Dosage of Idarubicin Accord 10 mg/10 ml solution for injection
Always use this medicine exactly as your doctor or pharmacist has told you. Check with your doctor or pharmacist if you are not sure.
Dosage is calculated based on body surface area (mg/m 2 ).
Acute myelogenous leukemia
Adults: in acute myelogenous leukemia, the recommended dose is 12 mg/m 2 IV daily for 3 days in combination with cytarabine. Another dosing regimen that can be used for acute myelogenous leukemia, either as monotherapy or as part of combination therapy, is 8 mg/m 2 IV daily for 5 consecutive days.
Children: The recommended dose range is 10–12 mg/m 2 IV daily for 3 days in combination with cytarabine.
Acute lymphocytic leukemia
Adults: when used as monotherapy for acute myelogenous leukemia, the recommended dose is 12 mg/m 2 IV daily for 3 days.
Children: The recommended dose as monotherapy for acute myelogenous leukemia is 10 mg/m 2 IV daily for 3 days.
These dosing regimens should take into account the patient’s blood condition and, when used in combination, the doses of other cytotoxic drugs.
If you got more than you should
Very large single doses of idarubicin can cause acute damage to the heart muscle within the first 24 hours and severely impair the production of blood cells in the bone marrow within one to two weeks.
Late onset heart failure has been observed with anthracyclines used within a few months of an overdose.
If you forgot the application
Do not use a double dose if you have forgotten the previous use.
If you have any further questions on the use of this medicine, ask your doctor or pharmacist.
patient records
Warnings and Precautions
If you have heart problems. Before starting treatment with idarubicin, cardiac function should be assessed and monitored during treatment to minimize the risk of serious damage to the heart;
if you have impaired bone marrow function and low levels of red blood cells, white blood cells, and platelets;
if you have a persistent and significant increase in the number of abnormal white blood cells in your blood. You may develop leukemia;
if you have problems with the gastrointestinal tract;
if you have liver problems;
if you have kidney problems;
This medicine may cause vomiting, sore throat, or sores in the lining of the digestive tract;
you may develop reactions at the injection site;
leakage of fluid into the surrounding tissues during the injection (extravasation) can cause pain, and extravasation can also cause severe tissue damage. If extravasation occurs, the administration of the drug should be stopped immediately;
as in the case of other cytotoxic substances, inflammation of the vascular wall with the formation of blood clots may occur;
if you have recently been vaccinated or plan to be vaccinated;
if you are a man, idarubicin can cause permanent infertility.

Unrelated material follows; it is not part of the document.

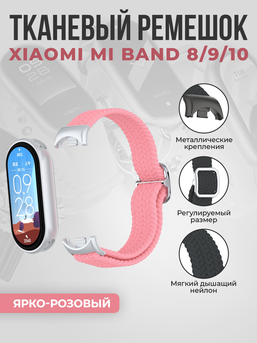 Тканевый ремешок для Xiaomi Mi Band 8/9/10, регулировка по длине, ярко-розовый
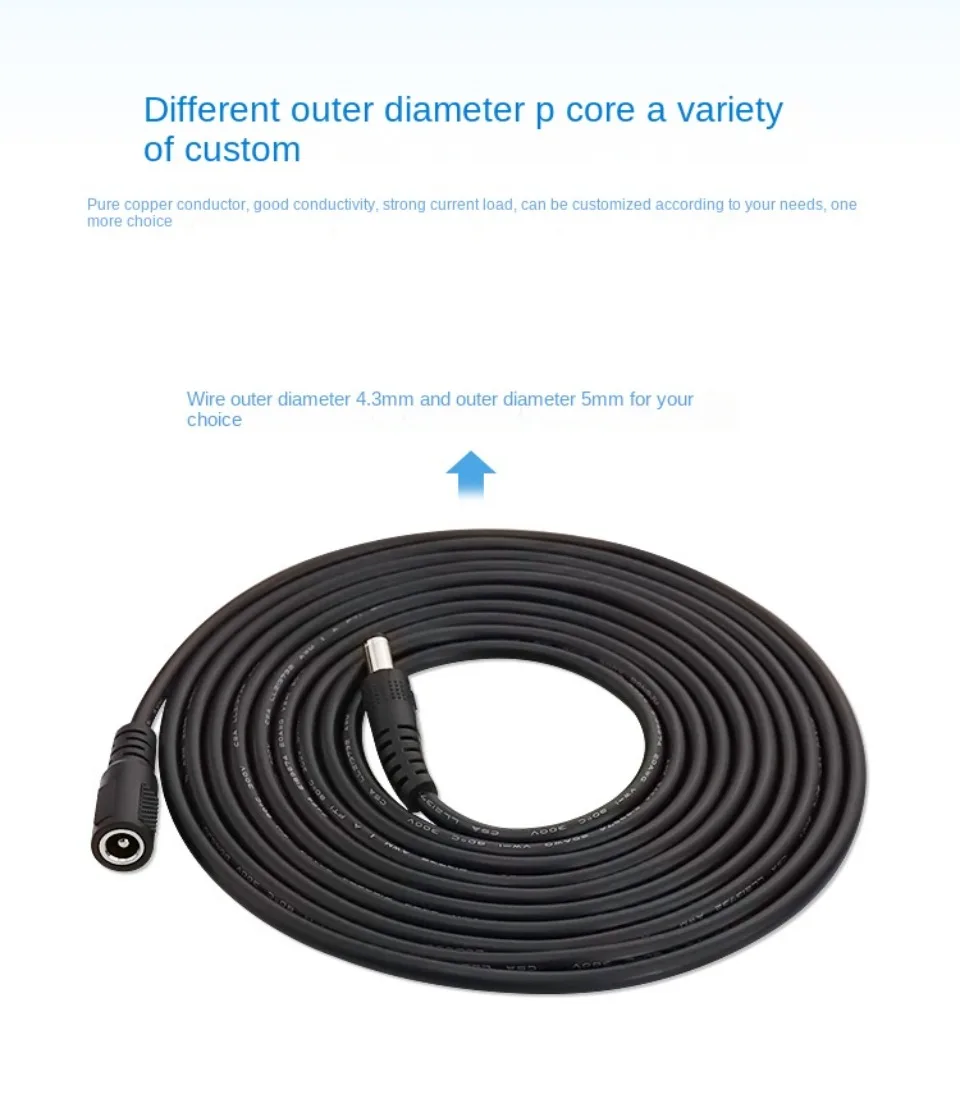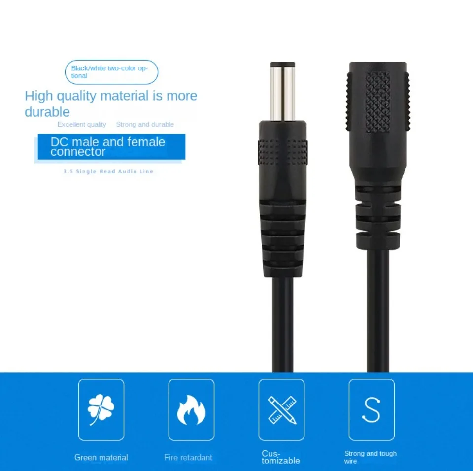 This DC power extension cable (Male to Female), cable be used to extend the power for applications such as CCTV, Transformers etc

Idarubicin should only be administered under the supervision of a physician experienced in cytotoxic chemotherapy.
This medicine may cause urine to turn red for 1 to 2 days after ingestion.
Your blood, liver, kidneys, and heart will be checked regularly before and during your treatment with idarubicin. Infants and children appear to be more susceptible to anthracycline-induced cardiac injury. Therefore, such patients need to regularly check the function of the heart over a long period of time.
Ability to drive and use machines
Systematic studies of the effect of idarubicin on the ability to drive a car and work with mechanisms have not been conducted.